* **WORK TO BE COMPLETED**
Skip the images and print the listing exactly.

* **GIVEN INFORMATION**
===============

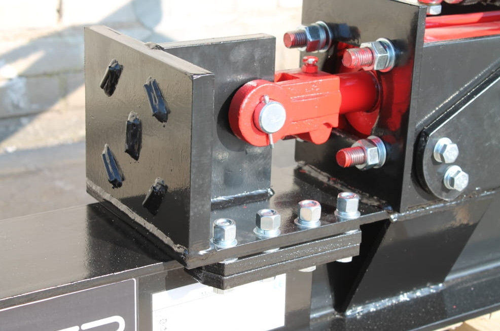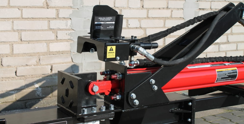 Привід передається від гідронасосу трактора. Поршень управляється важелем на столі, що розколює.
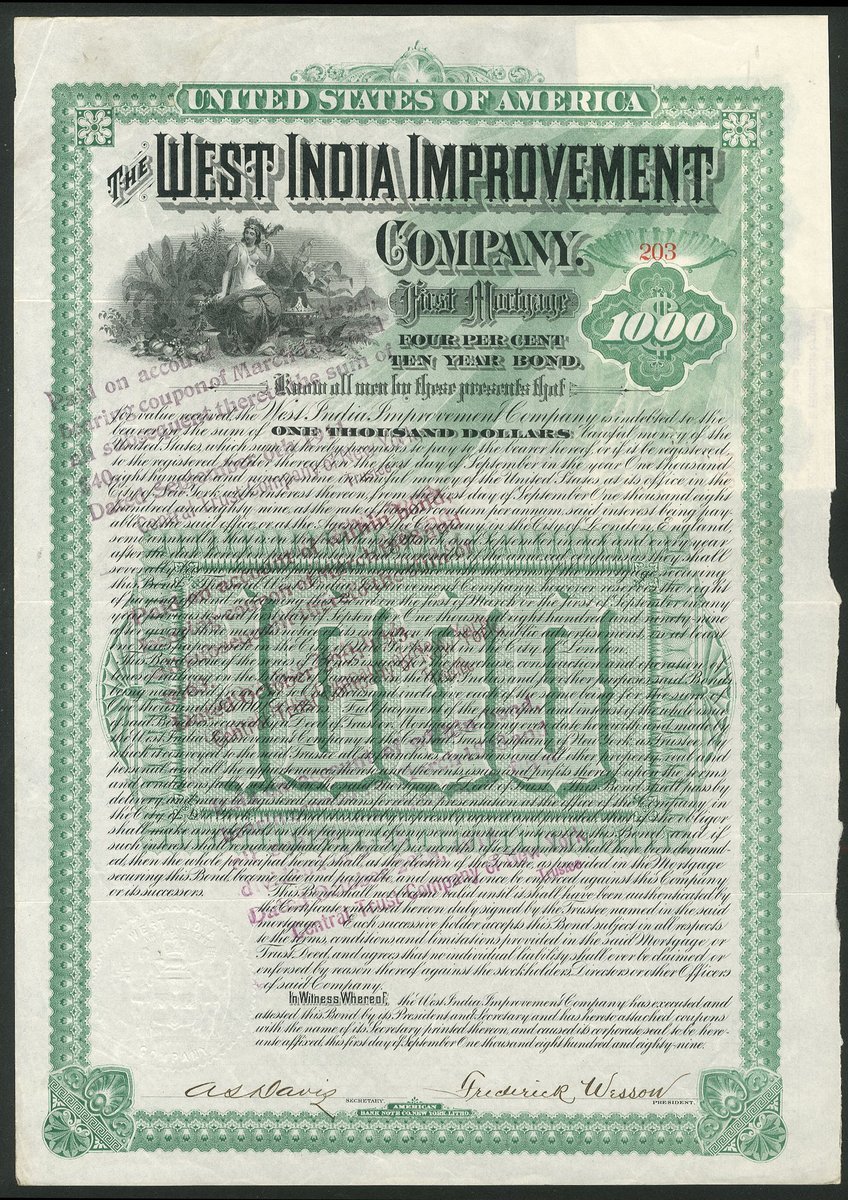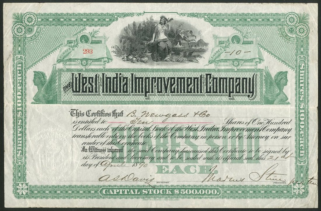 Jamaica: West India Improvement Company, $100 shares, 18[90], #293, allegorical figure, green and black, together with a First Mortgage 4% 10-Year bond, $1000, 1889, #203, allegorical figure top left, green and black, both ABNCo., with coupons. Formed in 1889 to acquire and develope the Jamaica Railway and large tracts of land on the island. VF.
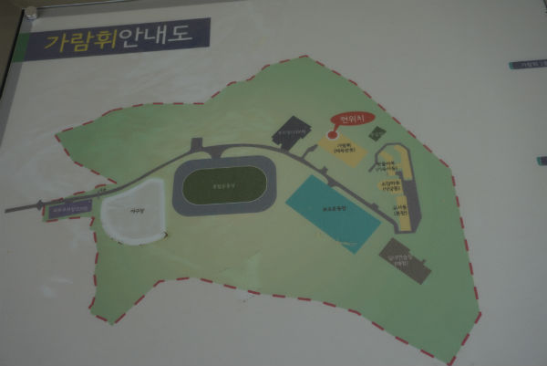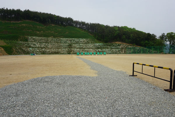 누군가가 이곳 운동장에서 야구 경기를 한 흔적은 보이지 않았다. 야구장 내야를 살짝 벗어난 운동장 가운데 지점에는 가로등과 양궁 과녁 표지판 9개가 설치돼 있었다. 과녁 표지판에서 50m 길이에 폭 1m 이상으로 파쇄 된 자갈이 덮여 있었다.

===============

* **TASK RESULT**
 Привід передається від гідронасосу трактора. Поршень управляється важелем на столі, що розколює.
 Jamaica: West India Improvement Company, $100 shares, 18[90], #293, allegorical figure, green and black, together with a First Mortgage 4% 10-Year bond, $1000, 1889, #203, allegorical figure top left, green and black, both ABNCo., with coupons. Formed in 1889 to acquire and develope the Jamaica Railway and large tracts of land on the island. VF.
 누군가가 이곳 운동장에서 야구 경기를 한 흔적은 보이지 않았다. 야구장 내야를 살짝 벗어난 운동장 가운데 지점에는 가로등과 양궁 과녁 표지판 9개가 설치돼 있었다. 과녁 표지판에서 50m 길이에 폭 1m 이상으로 파쇄 된 자갈이 덮여 있었다.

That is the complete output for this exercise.